Introduction to Jupyter notebooks

  • Compatability: Notebook currently compatible with both the NCI and DEA Sandbox environments

  • Prerequisites:

    • There is no prerequisite learning required, as this document is designed for a novice user of the Jupyter environment

Background

Access to implementations of the Open Data Cube such as Digital Earth Australia and Digital Earth Africa is achieved through the use of Python code and Jupyter Notebooks. The Jupyter Notebook (also termed notebook from here onwards) is an interactive web application that allows for the viewing, creation and documentation of live code. Notebook applications include data transformation, visualisation, modelling and machine learning. The default web interface to access notebooks when using either the National Computational Infrastructure (NCI) or the DEA Sandbox is JupyterLab.

Description

This notebook is designed to introduce users to the basics of using Python code in Jupyter Notebooks via JupyterLab.

Topics covered include:

  1. How to run (execute) a Jupyter Notebook cell

  2. The different types of Jupyter Notebook cells

  3. Stopping a process or restarting a Jupyter Notebook

  4. Saving and exporting your work

  5. Starting a new Jupyter Notebook


Getting started

Running (executing) a cell

Jupyter Notebooks allow code to be separated into sections that can be executed independent of one another. These sections are called “cells”.

Python code is written into individual cells that can be executed by placing the cursor in the cell and typing Shift-Enter on the keyboard or selecting the ► “Run the selected cells and advance” button in the ribbon at the top of the notebook. These options will run a single cell at a time.

To automatically run all cells in a notebook, navigate to the “Run” tab of the menu bar at the top of JupyterLab and select “Run All Cells” (or the option that best suits your needs). When a cell is run, the cell’s content is executed. Any output produced from running the cell will appear directly below it.

Run the cell below:

[1]:
print("I ran a cell!")
I ran a cell!

Cell status

The [ ]: symbol to the left of each Code cell describes the state of the cell:

  • [ ]: means that the cell has not been run yet.

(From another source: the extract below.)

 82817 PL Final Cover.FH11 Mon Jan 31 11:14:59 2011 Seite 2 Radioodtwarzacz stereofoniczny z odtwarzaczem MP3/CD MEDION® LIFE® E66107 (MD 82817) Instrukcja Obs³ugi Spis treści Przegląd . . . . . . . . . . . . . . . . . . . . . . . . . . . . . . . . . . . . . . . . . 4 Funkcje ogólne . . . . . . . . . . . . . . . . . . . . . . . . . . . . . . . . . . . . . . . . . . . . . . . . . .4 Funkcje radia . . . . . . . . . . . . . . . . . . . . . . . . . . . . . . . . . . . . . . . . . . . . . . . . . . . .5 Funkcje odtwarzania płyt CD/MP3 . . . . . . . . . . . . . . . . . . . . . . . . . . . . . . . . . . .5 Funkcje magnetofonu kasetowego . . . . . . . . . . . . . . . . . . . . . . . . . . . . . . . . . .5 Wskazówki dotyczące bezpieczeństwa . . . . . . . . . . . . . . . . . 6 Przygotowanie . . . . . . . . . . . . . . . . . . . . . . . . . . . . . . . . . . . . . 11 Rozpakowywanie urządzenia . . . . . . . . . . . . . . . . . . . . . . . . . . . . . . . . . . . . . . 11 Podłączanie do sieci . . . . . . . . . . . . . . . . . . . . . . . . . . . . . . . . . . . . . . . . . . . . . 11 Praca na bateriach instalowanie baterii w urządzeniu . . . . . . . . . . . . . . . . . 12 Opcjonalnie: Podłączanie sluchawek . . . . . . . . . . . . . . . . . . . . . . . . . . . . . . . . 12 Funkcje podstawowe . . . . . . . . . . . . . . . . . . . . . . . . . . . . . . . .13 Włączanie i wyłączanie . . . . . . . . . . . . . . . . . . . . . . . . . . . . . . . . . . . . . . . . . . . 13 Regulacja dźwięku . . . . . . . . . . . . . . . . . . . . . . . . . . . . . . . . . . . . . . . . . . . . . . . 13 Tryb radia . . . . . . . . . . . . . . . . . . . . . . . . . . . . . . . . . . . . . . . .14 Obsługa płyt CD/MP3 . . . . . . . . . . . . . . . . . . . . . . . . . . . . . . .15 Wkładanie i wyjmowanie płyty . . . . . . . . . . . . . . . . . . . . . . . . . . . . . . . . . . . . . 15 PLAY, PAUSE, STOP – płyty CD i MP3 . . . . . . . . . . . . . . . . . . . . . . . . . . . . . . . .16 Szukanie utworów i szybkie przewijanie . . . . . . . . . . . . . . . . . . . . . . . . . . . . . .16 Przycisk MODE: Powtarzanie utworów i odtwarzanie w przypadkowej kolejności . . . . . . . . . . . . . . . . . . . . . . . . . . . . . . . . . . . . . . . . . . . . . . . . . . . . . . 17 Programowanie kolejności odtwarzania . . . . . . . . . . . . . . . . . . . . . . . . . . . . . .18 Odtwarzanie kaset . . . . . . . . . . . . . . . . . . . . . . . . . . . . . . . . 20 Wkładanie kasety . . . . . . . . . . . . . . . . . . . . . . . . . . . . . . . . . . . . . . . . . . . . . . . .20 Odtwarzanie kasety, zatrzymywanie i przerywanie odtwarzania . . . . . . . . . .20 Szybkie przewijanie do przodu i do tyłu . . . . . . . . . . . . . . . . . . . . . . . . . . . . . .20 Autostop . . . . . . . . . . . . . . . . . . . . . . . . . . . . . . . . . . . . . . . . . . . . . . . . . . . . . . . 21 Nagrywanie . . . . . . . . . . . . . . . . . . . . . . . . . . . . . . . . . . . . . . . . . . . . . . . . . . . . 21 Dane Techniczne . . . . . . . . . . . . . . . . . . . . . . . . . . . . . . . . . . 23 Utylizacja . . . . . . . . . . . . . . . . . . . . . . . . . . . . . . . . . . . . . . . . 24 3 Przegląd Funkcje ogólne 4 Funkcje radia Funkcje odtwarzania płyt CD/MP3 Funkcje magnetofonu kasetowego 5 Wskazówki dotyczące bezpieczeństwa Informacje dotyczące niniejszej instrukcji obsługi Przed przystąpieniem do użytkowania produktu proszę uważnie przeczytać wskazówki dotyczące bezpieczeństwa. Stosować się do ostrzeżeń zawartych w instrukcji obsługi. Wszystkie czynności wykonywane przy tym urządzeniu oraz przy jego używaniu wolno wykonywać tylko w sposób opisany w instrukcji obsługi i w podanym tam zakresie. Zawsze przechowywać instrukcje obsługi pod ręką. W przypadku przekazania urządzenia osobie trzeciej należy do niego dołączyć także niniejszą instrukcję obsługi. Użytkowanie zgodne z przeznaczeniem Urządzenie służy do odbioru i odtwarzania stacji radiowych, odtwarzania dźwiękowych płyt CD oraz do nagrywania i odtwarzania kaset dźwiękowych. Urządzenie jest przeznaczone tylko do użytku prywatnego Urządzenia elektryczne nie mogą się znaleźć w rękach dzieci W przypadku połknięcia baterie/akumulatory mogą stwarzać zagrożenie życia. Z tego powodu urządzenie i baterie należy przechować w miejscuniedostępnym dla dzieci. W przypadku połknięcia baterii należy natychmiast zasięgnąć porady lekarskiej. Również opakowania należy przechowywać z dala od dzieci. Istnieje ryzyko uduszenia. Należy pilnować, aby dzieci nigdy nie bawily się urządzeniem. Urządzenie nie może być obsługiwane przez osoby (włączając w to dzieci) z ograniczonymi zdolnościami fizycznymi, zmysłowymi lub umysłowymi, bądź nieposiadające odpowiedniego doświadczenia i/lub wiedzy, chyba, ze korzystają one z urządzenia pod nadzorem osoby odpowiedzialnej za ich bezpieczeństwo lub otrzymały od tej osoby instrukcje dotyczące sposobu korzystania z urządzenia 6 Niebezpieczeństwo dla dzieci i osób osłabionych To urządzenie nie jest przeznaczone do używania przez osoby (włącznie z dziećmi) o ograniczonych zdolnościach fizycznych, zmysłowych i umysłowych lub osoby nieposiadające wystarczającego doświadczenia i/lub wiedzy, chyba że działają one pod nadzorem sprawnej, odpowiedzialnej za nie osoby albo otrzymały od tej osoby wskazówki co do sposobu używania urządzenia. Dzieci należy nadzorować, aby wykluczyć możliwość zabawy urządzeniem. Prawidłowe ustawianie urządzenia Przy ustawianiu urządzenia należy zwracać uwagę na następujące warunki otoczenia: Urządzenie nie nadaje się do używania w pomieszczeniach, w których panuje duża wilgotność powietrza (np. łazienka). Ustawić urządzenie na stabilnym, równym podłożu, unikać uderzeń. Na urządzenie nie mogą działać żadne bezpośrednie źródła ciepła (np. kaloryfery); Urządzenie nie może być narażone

  • [*]: means that the cell is currently running.

  • [1]: means that the cell has finished running and was the first cell run.

The number indicates the order that the cells were run in.

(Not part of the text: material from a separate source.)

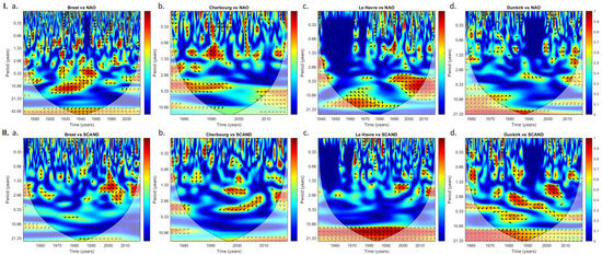 Wavelet coherence between (I) NAO and the monthly maxima at (a) Brest, (b) Cherbourg, (c) Le Havre, and (d) Dunkirk and (II) SCAND and the monthly maxima at (a) Brest, (b) Cherbourg, (c) Le Havre, and (d) Dunkirk. The arrows represent the phase between two signals: if the arrow points to the left, the signals are in antiphase; if the arrow points to the right, the signals are in phase; and if the arrow points at 90°, the signals are in quadrature. Surrounding spots are statistically significant (Monte–Carlo test).

Note: To check whether a cell is currently executing in a Jupyter notebook, inspect the small circle in the top-right of the window. The circle will turn grey (“Kernel busy”) when the cell is running, and return to empty (“Kernel idle”) when the process is complete.

Jupyter notebook cell types

Cells are identified as either Code, Markdown, or Raw. This designation can be changed using the ribbon at the top of the notebook.

Code cells

All code operations are performed in Code cells. Code cells can be used to edit and write new code, and perform tasks like loading data, plotting data and running analyses.

Click on the cell below. Note that the ribbon at the top of the notebook describes it as a Code cell.

[2]:
print("This is a code cell")
This is a code cell

Markdown cells

Place the cursor in this cell by double clicking.

The cell format has changed to allow for editing. Note that the ribbon at the top of the notebook describes this as a Markdown cell.

Run this cell to return the formatted version.

Markdown cells provide the narrative to a notebook. They are used for text and are useful to describe the code operations in the following cells. To see some of the formatting options for text in a Markdown cell, navigate to the “Help” tab of the menu bar at the top of JupyterLab and select “Markdown Reference”. Here you will see a wide range of text formatting options including headings, dot points, italics, hyperlinking and creating tables.

Raw cells

Information in Raw cells is stored in the notebook metadata and can be used to render different code formats into HTML or \(\LaTeX\). There are a range of available Raw cell formats that differ depending on how they are to be rendered. For the purposes of this beginner’s guide, raw cells are rarely used by the authors and not required for most notebook users.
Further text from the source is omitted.